IN PERSON – 5-day Statistics Short Course
An intermediate 5-day course introducing several popular data mining approaches such as regression based methods (ridge and lasso regularized regression, regression splines), tree methods (random forests, boosted trees), and support vector machines, and their application to empirical data. The course combines lectures and hands-on practice using R.

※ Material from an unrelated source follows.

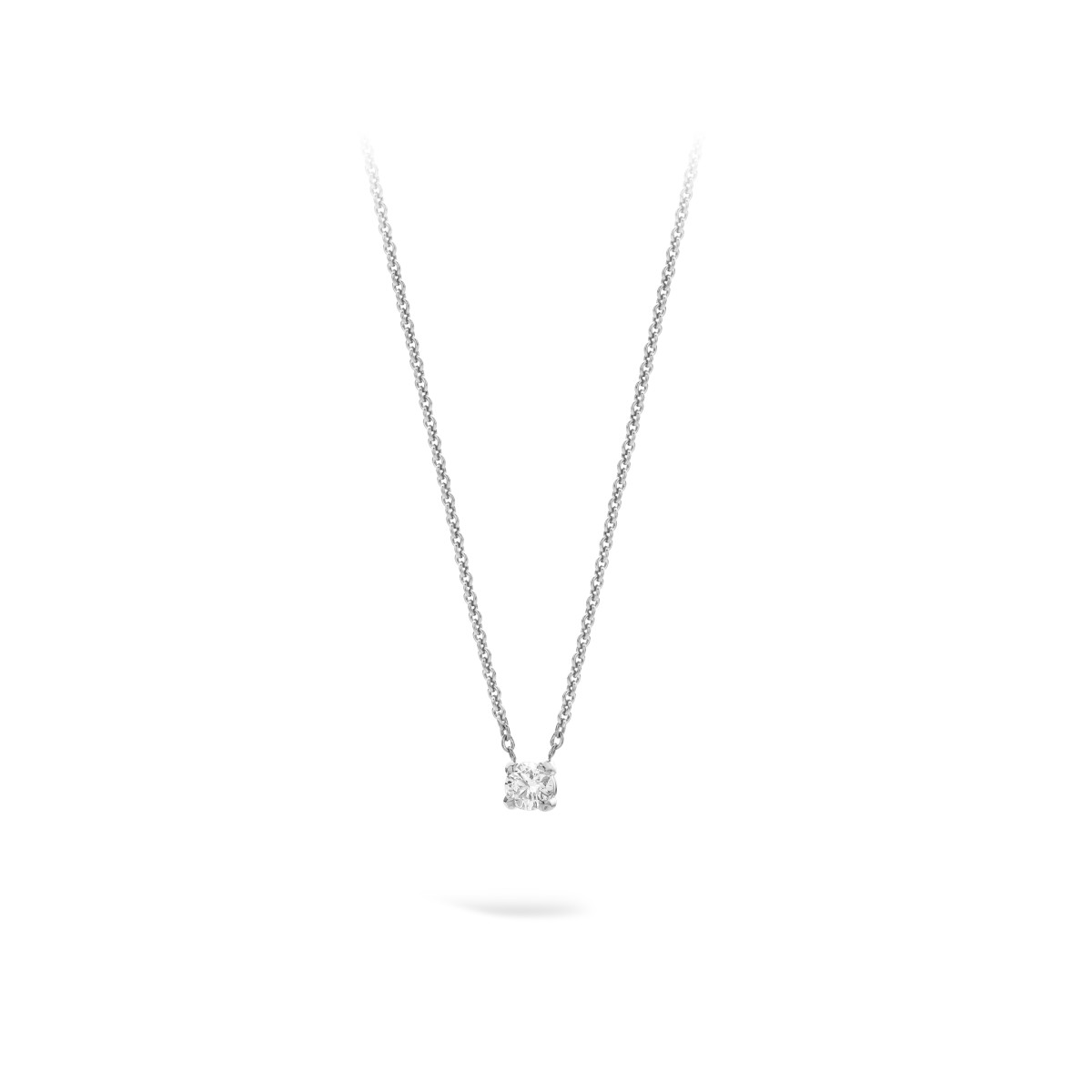 Subtiele elegante halsketting in 18kt wit goud meet 1 briljantje dat vast tussen de halsketting zit. De ketting is 43cm lang en heeft een veilig cartierslotje. De briljant is0.14ct groot en is gezet in een wit gouden potje met 4 griffen.
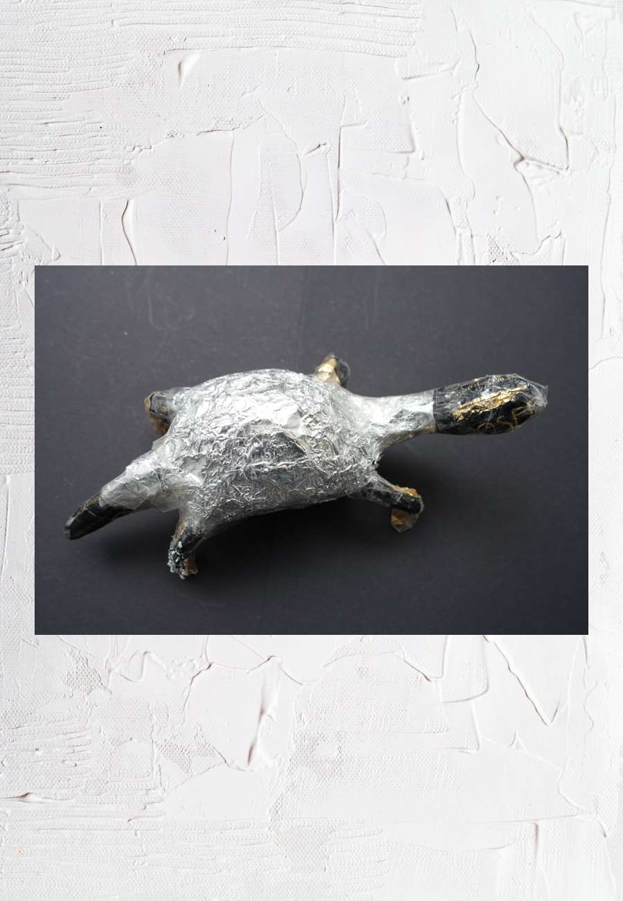 Selbst geformt, aus Draht, Alufolie, Schokoladenpapier und Tesafilm, Größe ca. 20 cm.

- Review of linear regression and the least squares criterion
- Regularization methods (ridge regression, lasso, elastic net)
- Regression splines
- Prediction error and k-fold cross validation
- Tree methods to predict categorical or continuous outcomes (CART, random forest, boosting
- Support vector machines for classification
In the age of rapidly increasing data collection endeavors it has become more and more important to understand how to find structure in data, especially when substantive theory about structural relations between the collected variables is not yet fully developed. This short course starts with briefly outlining the key differences and similarities between standard parametric modeling (e.g., linear regression) and data mining approaches. The course provides basic insights into a number of popular methods such as regression methods (ridge regression and the lasso, regression splines), tree methods (CART, random forests, boosting), and support vector machines. The emphasis is on a conceptual understanding of these methods and their appropriate application to empirical data. Importantly, these methods are useful not only for large data collections, but also more generally for exploratory analyses when the substantive theory to design and fit suitable parametric models (e.g. SEM) is not available. Data mining (aka statistical learning) is used in a wide variety of fields including but not limited to public health, education, biology, and the different social sciences.

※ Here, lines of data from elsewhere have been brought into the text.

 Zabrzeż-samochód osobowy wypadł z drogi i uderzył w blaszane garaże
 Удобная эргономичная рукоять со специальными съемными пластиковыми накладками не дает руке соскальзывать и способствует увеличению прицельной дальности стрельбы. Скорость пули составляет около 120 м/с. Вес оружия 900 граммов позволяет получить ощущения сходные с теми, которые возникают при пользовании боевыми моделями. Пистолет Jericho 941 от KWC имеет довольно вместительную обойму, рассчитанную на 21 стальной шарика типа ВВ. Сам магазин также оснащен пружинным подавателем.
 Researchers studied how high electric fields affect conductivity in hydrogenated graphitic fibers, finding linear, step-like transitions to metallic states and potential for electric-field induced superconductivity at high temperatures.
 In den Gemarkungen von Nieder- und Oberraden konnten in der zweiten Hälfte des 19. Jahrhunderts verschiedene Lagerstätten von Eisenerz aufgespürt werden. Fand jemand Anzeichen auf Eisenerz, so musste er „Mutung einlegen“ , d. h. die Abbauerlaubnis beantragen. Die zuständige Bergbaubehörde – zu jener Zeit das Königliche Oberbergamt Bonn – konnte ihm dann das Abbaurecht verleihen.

Participants are invited to discuss potential data mining applications to their particular field of interest during individual consultations with the instructor scheduled at the end of the second and third day.
Participants will receive an electronic copy of all course materials, including lecture slides, practice datasets, software scripts, relevant supporting documentation, and recommended readings. Participants will also have access to a video recording of the course.
Instructor: Gitta Lubke, Ph.D.
Gitta Lubke is a Full Professor in the Department of Psychology/Quantitative Area at the University of Notre Dame. Her research interests are in data mining and general latent variable modeling. In addition to the challenges of analysing complex human behavior such as psychiatric disorders, she is interested in the analysis of genetic data. Related areas of expertise include mixture models, twin models, multi-group factor analysis and measurement invariance, longitudinal analyses, and the analysis of categorical data.
APA Continuing Education Credits:
This course offers 29 hours of Continuing Education Credits. Stats Camp Foundation is approved by the American Psychological Association to sponsor continuing education for psychologists. Stats Camp Foundation maintains responsibility for this program and its content.
Materials, downloads, recorded course video viewable for up to one year.